Input data:
****************
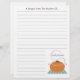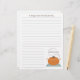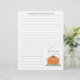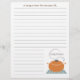 Papier recette avec lignes optionnelles, qui peut être enlevé. En bas se trouve l'illustration d'un pot à cuisine orange avec poignées et couvercle. Pot est assis sur une surface bleue et blanche et a de la vapeur venant sous le couvercle. Texte du haut : "Une recette de la cuisine de..." Personnalisez avec votre nom au-dessus du pot en bas. Recherchez le classeur de recettes correspondant (ci-dessous.) com
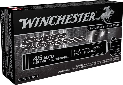 Looking for the best prices on WINCHESTER SUPER SUPPRESSED – 45 ACP 230GR FMJ 50RD 10BX/CS by Winchester? Netti Ammo proudly serves with unbeatable pricing, expert service, and exclusive rewards.
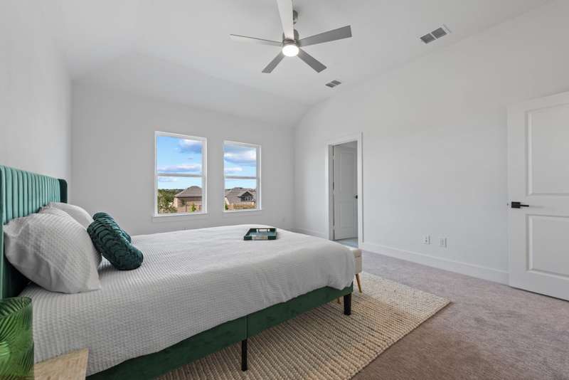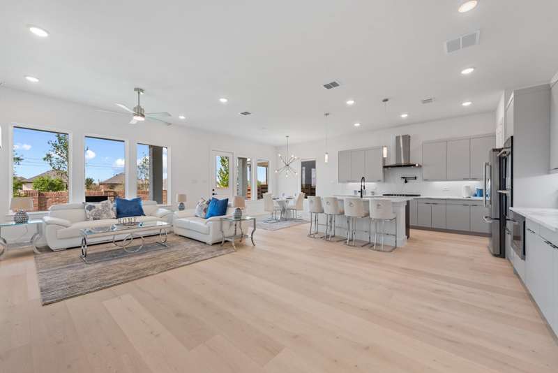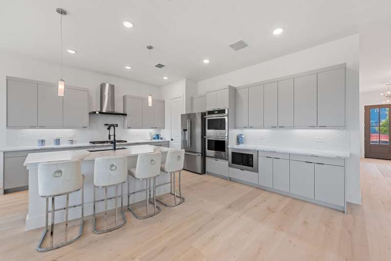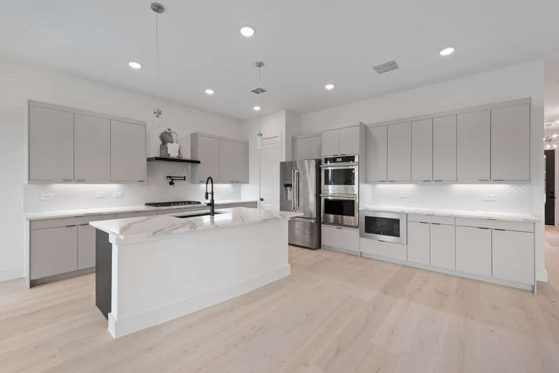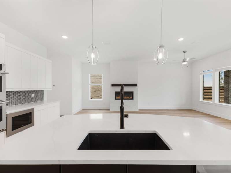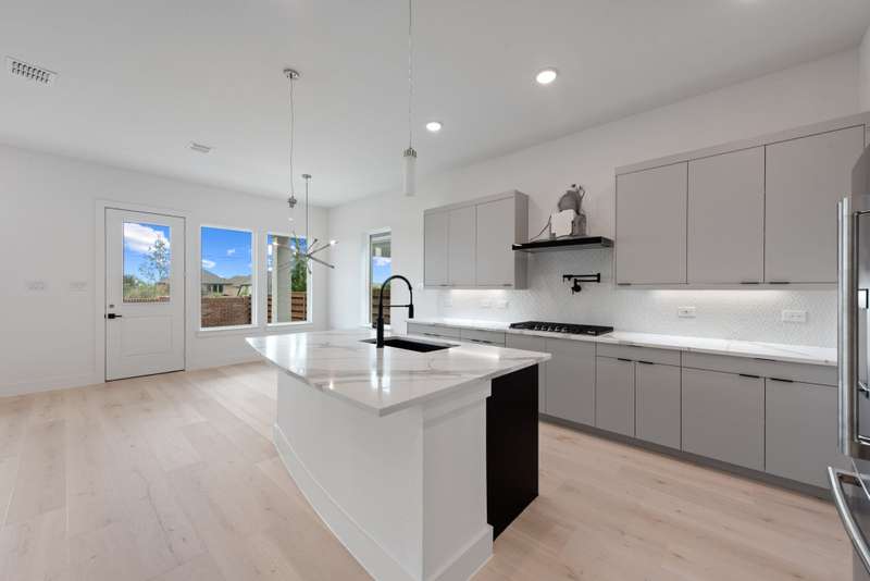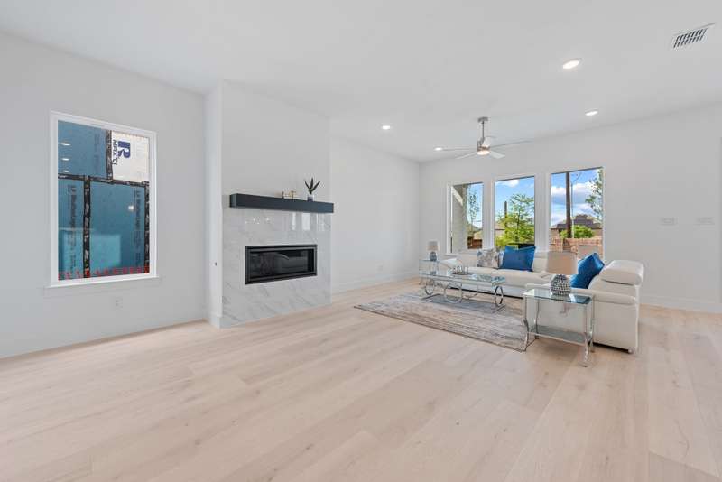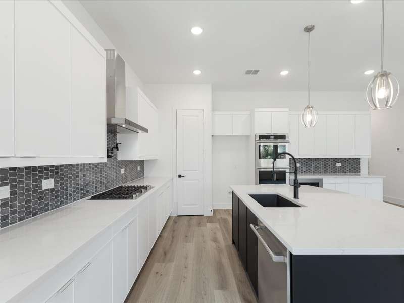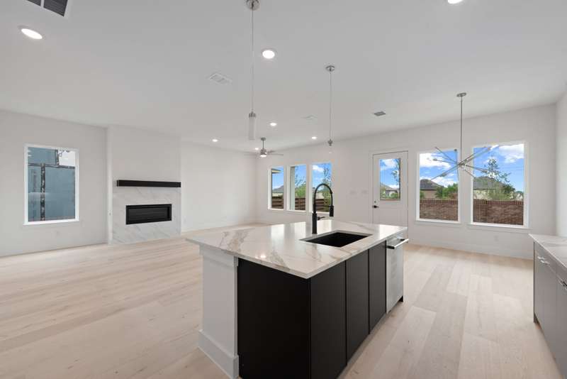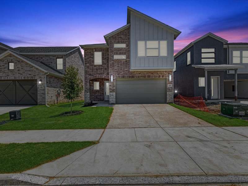 Ready Now! Feel like a Royal in our Elizabeth plan. Step into the epitome of modern living with this brand-new Monarch Home, where architectural sophistication blends seamlessly with everyday comfort. This 5-bedroom, 4.5-bath masterpiece includes a spacious game room and a functional pocket office, offering versatility for both entertainment and work-from-home lifestyles. Designed for discerning tastes, the home boasts premium finishes throughout. The Chef-Inspired Kitchen is outfitted with a JennAir appliance package, including double ovens and a 5-burner gas cooktop, making it a culinary dream. Enjoy the elegant touch of quartz countertops, a pot filler, Blanco Silgranit sink, and soft-close cabinetry with upgraded hardware. A decorative backsplash adds a sleek, modern flair. Gather around the crystal-accented gas fireplace under the ambient glow of luxury Kichler lighting. The Karastan Cultivated wood flooring in common areas downstairs, combined with 8-foot doors and 12x24 sleek tile accents, creates a clean and contemporary vibe. The Resort-Worthy Primary Suite has a luxurious primary bath featuring floating cabinets, a large frameless glass shower, decorative tiles, framed mirrors, and quartz countertops with undermount sinks. Enjoy effortless indoor-outdoor flow with a large covered patioperfect for entertaining, relaxing evenings, or weekend barbecues, rain or shine.Enjoy gridless modern windows that provide unobstructed views and flood the home with natural light. The community is in fabulous location near an abundance of shopping, dining, entertainment, just minutes from PGA. Located within the highly acclaimed Frisco Independent School District, this home ensures top-tier education in a thriving community. Every detail in this Monarch Home reflects a commitment to excellence and precision craftsmanship, promising a lifestyle of comfort, elegance, and modern flair.
****************
How to complete this task: Could you print the material above word for word and skip the images?

Answer:
 Papier recette avec lignes optionnelles, qui peut être enlevé. En bas se trouve l'illustration d'un pot à cuisine orange avec poignées et couvercle. Pot est assis sur une surface bleue et blanche et a de la vapeur venant sous le couvercle. Texte du haut : "Une recette de la cuisine de..." Personnalisez avec votre nom au-dessus du pot en bas. Recherchez le classeur de recettes correspondant (ci-dessous.) com
 Looking for the best prices on WINCHESTER SUPER SUPPRESSED – 45 ACP 230GR FMJ 50RD 10BX/CS by Winchester? Netti Ammo proudly serves with unbeatable pricing, expert service, and exclusive rewards.
 Ready Now! Feel like a Royal in our Elizabeth plan. Step into the epitome of modern living with this brand-new Monarch Home, where architectural sophistication blends seamlessly with everyday comfort. This 5-bedroom, 4.5-bath masterpiece includes a spacious game room and a functional pocket office, offering versatility for both entertainment and work-from-home lifestyles. Designed for discerning tastes, the home boasts premium finishes throughout. The Chef-Inspired Kitchen is outfitted with a JennAir appliance package, including double ovens and a 5-burner gas cooktop, making it a culinary dream. Enjoy the elegant touch of quartz countertops, a pot filler, Blanco Silgranit sink, and soft-close cabinetry with upgraded hardware. A decorative backsplash adds a sleek, modern flair. Gather around the crystal-accented gas fireplace under the ambient glow of luxury Kichler lighting. The Karastan Cultivated wood flooring in common areas downstairs, combined with 8-foot doors and 12x24 sleek tile accents, creates a clean and contemporary vibe. The Resort-Worthy Primary Suite has a luxurious primary bath featuring floating cabinets, a large frameless glass shower, decorative tiles, framed mirrors, and quartz countertops with undermount sinks. Enjoy effortless indoor-outdoor flow with a large covered patioperfect for entertaining, relaxing evenings, or weekend barbecues, rain or shine.Enjoy gridless modern windows that provide unobstructed views and flood the home with natural light. The community is in fabulous location near an abundance of shopping, dining, entertainment, just minutes from PGA. Located within the highly acclaimed Frisco Independent School District, this home ensures top-tier education in a thriving community. Every detail in this Monarch Home reflects a commitment to excellence and precision craftsmanship, promising a lifestyle of comfort, elegance, and modern flair.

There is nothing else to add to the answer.